Why does this matter? Phase 2 runs on every write. Phase 1 runs only during leader changes. By shrinking the Phase 2 quorum (the common case) at the cost of a larger Phase 1 quorum (the rare case), you can reduce write latency. In a geo-distributed cluster, this means writes can succeed with fewer cross-datacenter round trips.

The FLP Impossibility Result

Fischer, Lynch, and Paterson proved in 1985 that no deterministic protocol can guarantee consensus in an asynchronous system if even one process can crash. "Asynchronous" means there is no upper bound on message delay. A slow message and a lost message are indistinguishable.

This does not mean consensus is unsolvable. It means any solution must use some form of non-determinism (randomization or timeouts) to guarantee progress. Paxos uses timeouts for leader election. If the leader has not sent a heartbeat in T seconds, assume it is dead and start a new election. This can lead to unnecessary elections if the network is slow, but it never violates safety. The worst case is temporary unavailability, not incorrect results.

Understanding FLP matters because it sets expectations correctly. No consensus protocol can always make progress. If someone claims their protocol guarantees both safety and liveness in an asynchronous system with failures, they have either changed the model or made a mistake.

Production Lessons from Google

Google has been running Paxos in production since at least 2006 (Chubby). Their experience reports reveal patterns that the academic papers do not cover.

Chubby uses Multi-Paxos for a distributed lock service. The key lesson: Paxos-based systems need disk writes on the critical path (acceptors must persist their state before responding), and disk write latency dominates end-to-end latency. Chubby went through several iterations of optimizing disk access patterns.
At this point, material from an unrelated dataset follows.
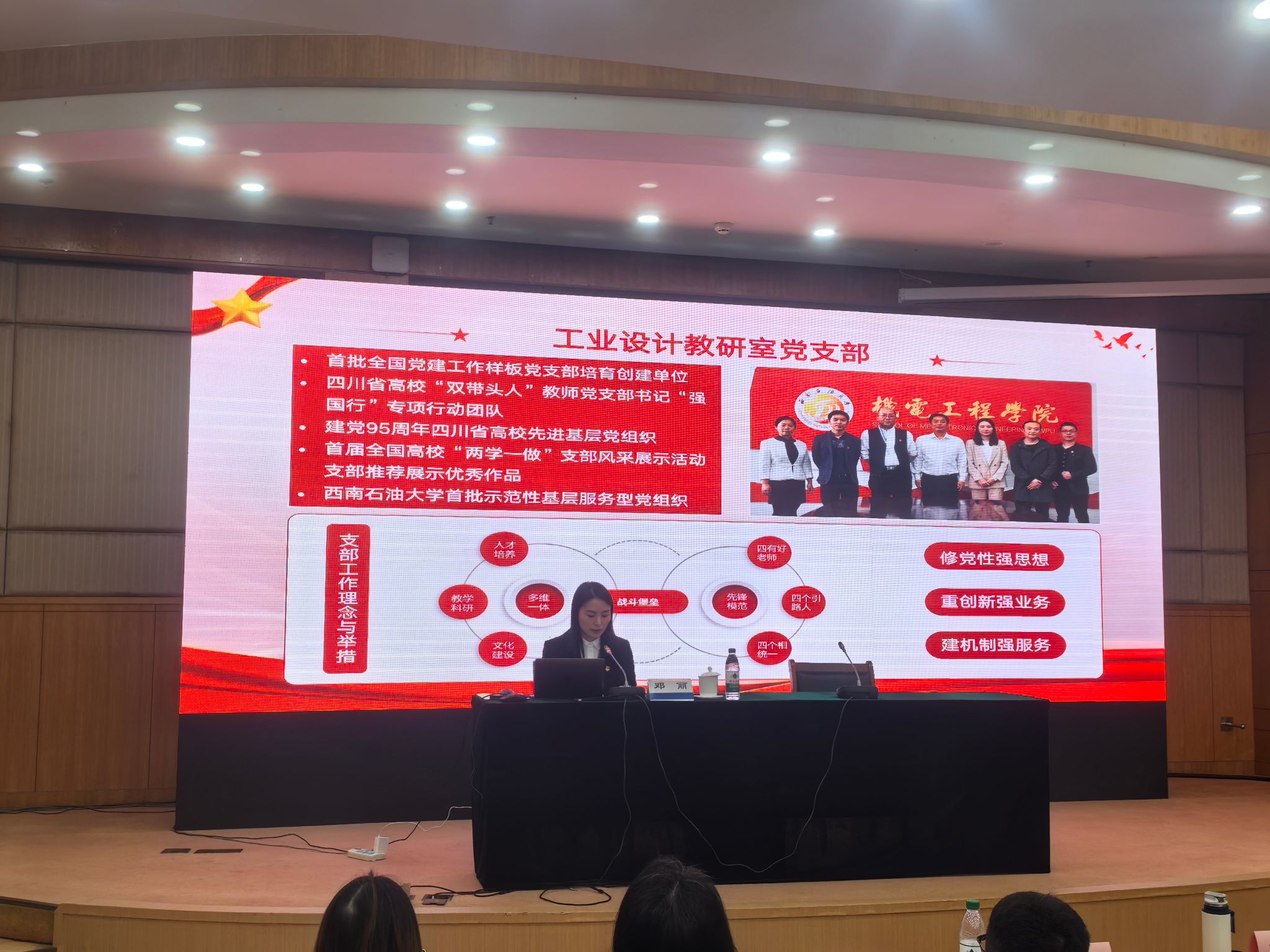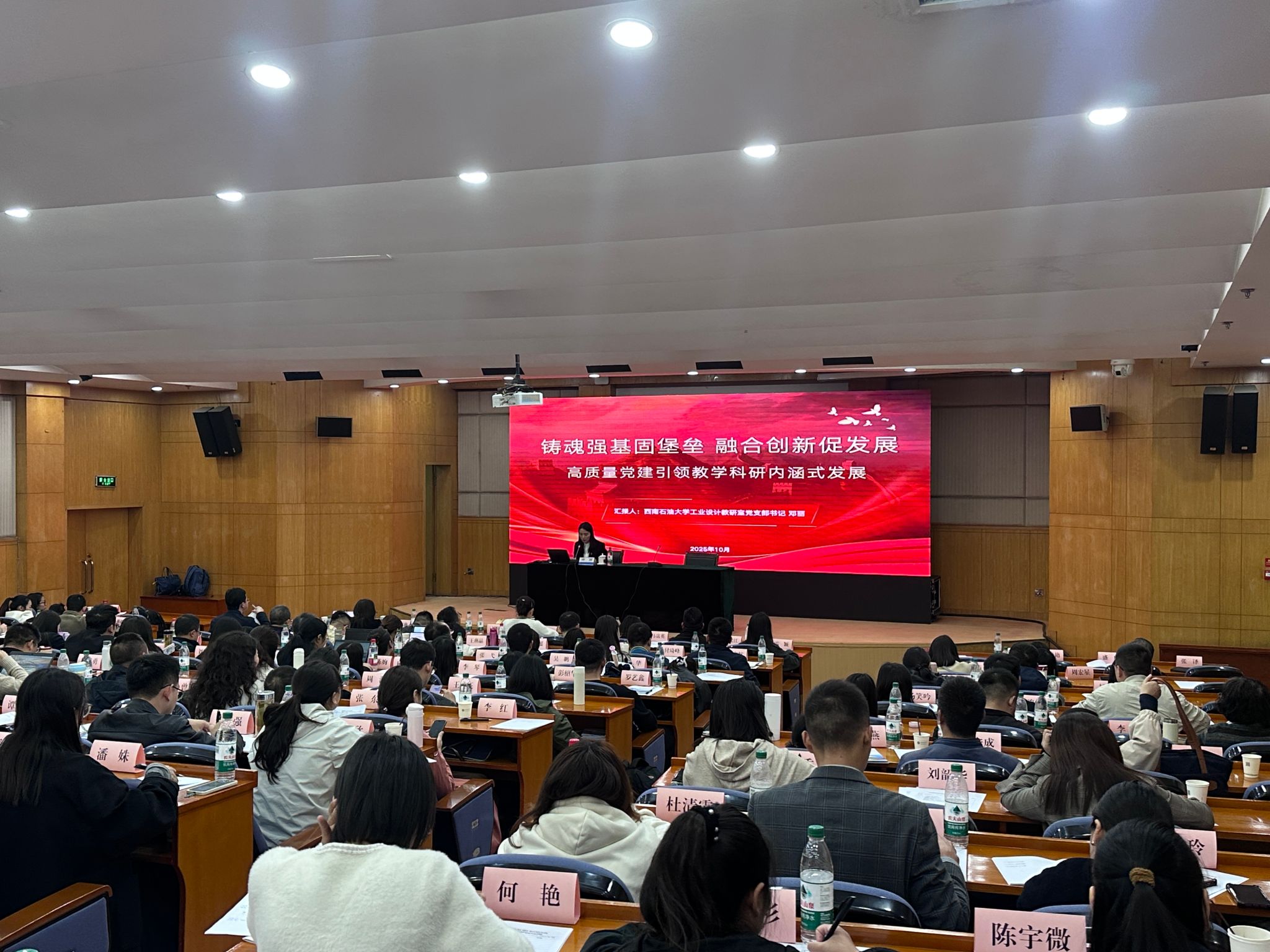 西南石油大学作为三所获邀作经验交流的高校代表之一,由机电工程学院工业设计教研室党支部书记邓丽以《铸魂强基固堡垒 融合创新促发展》为题作专题发言,分享党支部在推动党建与教学科研深度融合发展方面的创新实践与显著成效。邓丽从“新时代高校基层党支部的使命与挑战”“党建+工作法的探索与实践”“党建与教学科研深度融合的收获”三个方面,系统阐述了工业设计教研室党支部党建引领、教学科研融合、服务师生等方面的典型经验与创新模式,展现了我校基层党建工作的示范引领作用。

Spanner uses Paxos groups for replication within a datacenter and TrueTime for cross-datacenter consistency. Each Paxos group runs Multi-Paxos independently. The interesting piece: Spanner layer 2PC on top of Paxos. Each participant in a distributed transaction is a Paxos group, so the 2PC coordinator is itself fault-tolerant.
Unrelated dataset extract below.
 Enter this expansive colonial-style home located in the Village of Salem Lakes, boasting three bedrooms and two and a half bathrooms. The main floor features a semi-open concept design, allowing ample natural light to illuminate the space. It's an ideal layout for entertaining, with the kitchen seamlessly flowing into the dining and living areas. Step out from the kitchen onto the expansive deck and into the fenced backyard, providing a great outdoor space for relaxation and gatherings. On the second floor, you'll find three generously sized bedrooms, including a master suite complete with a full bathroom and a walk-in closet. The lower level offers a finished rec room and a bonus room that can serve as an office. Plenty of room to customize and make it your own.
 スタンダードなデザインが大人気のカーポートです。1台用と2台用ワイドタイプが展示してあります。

Megastore attempted to use Paxos across wide-area networks for Google App Engine. The latency was painful (hundreds of milliseconds per write), and the system eventually evolved into Spanner. The lesson: Paxos works across datacenters, but the latency implications are severe, and you need to architect around them.
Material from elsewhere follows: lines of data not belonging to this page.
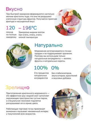 Документ описывает молекулярное мороженое, приготовленное с использованием жидкого азота, что улучшает текстуру и вкус благодаря быстрому замораживанию без использования искусственных добавок. Основные ингредиенты — это натуральное молоко, фрукты и сиропы, без стабилизаторов и красителей. Также представлены различные форматы торговых точек, включая стационарные и мобильные, а также информация о франшизе.
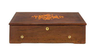 the case inlaid to show a bouquet of flowers, playing eight airs on a single 13 inch cylinder.
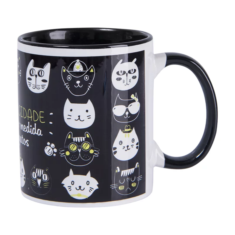 A Caneca branca em cerâmica possui interior e alça preta, criando um visual moderno. É um produto versátil, resinado e possui 3 técnicas de personalização, sendo perfeito para presentes e lembranças.
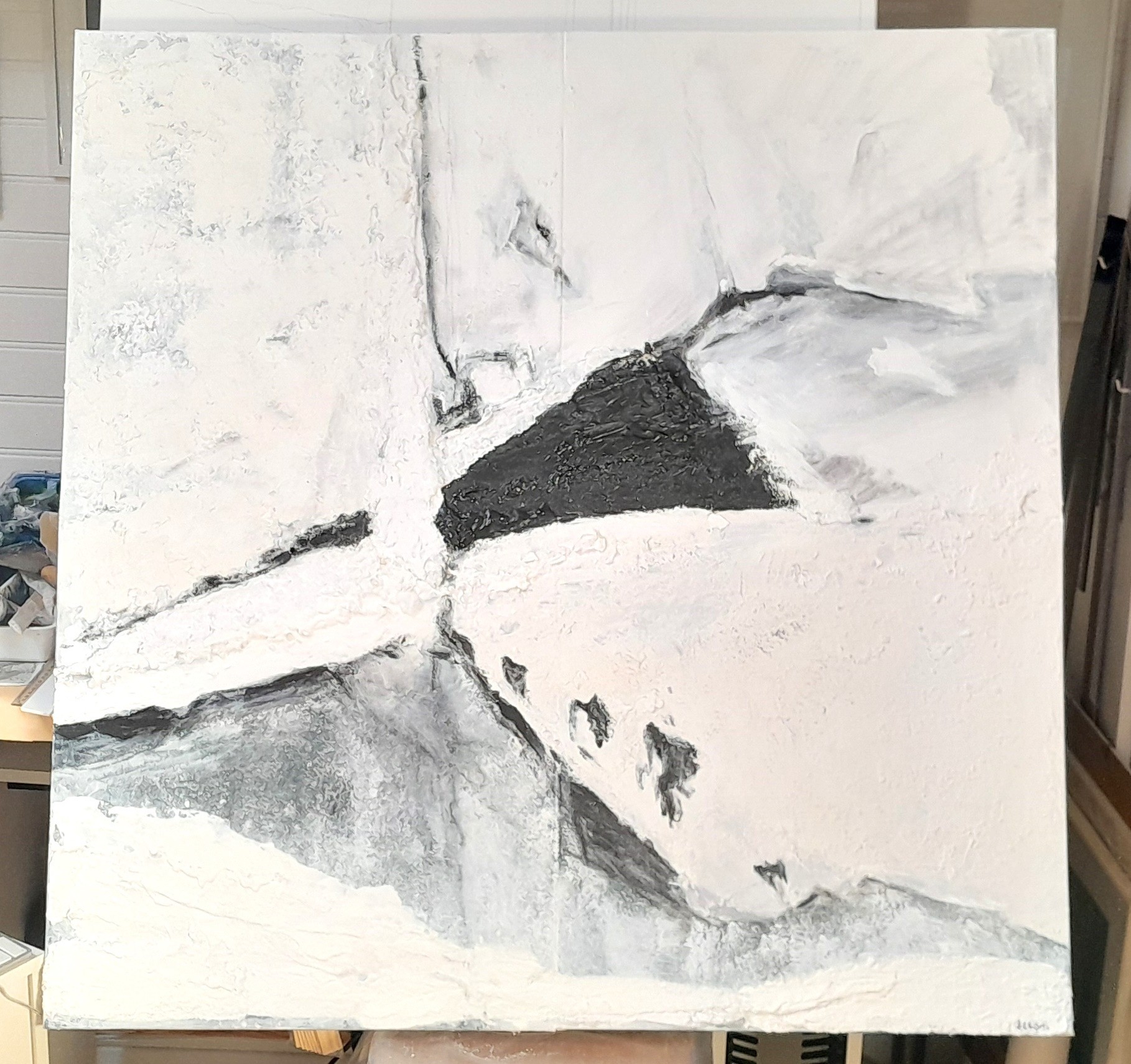 acrylique et matière Carre blanc sur fond blanc 60x80
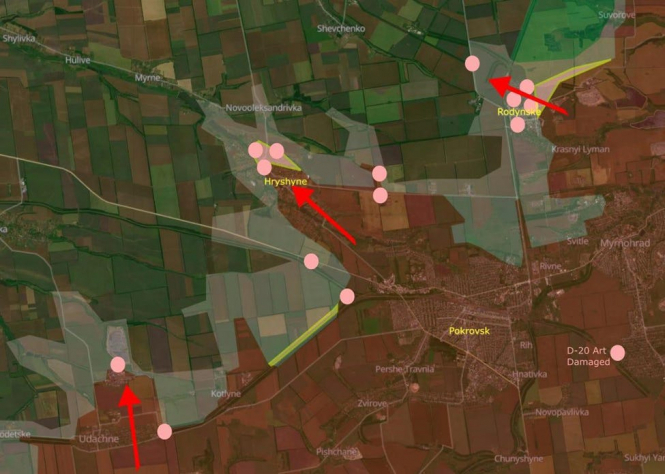 Покровськ. Три роки тому росіяни рухалися відкритою місцевістю на техніці або пішки через пересічену місцевість, щоб дістатися українських оборонних позицій. Відтоді дрони з обох боків зробили пересування відкритою місцевістю смертельно небезпечним, тому російські атаки зазвичай просуваються вздовж особливостей рельєфу, таких як дерева й будівлі. Це відображено у просуванні до Гришиного повз дерева й будівлі та у проникненнях уздовж лісосмуг.

Implementing Paxos: Where People Get Stuck

The single-decree protocol is simple. The implementation traps are:

Ballot number uniqueness. Two proposers must never use the same ballot number. The common approach: each server has an ID, and ballot numbers are (round_number, server_id) pairs, compared lexicographically.

Persistence before responding. An acceptor must write its promise or acceptance to durable storage before sending the response. If it crashes and recovers, it must honor its last promise. Responding from memory and writing to disk asynchronously violates the protocol.

Garbage collection. Which log entries can you safely delete? Only entries that have been applied to the state machine on all servers. This requires a protocol for communicating "I have applied up to entry X" and is often the trickiest part of a production implementation.

Dueling proposers. Proposer A sends Prepare(5). Proposer B sends Prepare(6) before A's Accept arrives. A's Accept gets rejected. A retries with Prepare(7). B's Accept gets rejected. This ping-pong can continue indefinitely. The fix: exponential backoff with jitter on leadership attempts, or a simple lease mechanism where the current leader holds a time-based lease and others do not attempt to lead until the lease expires.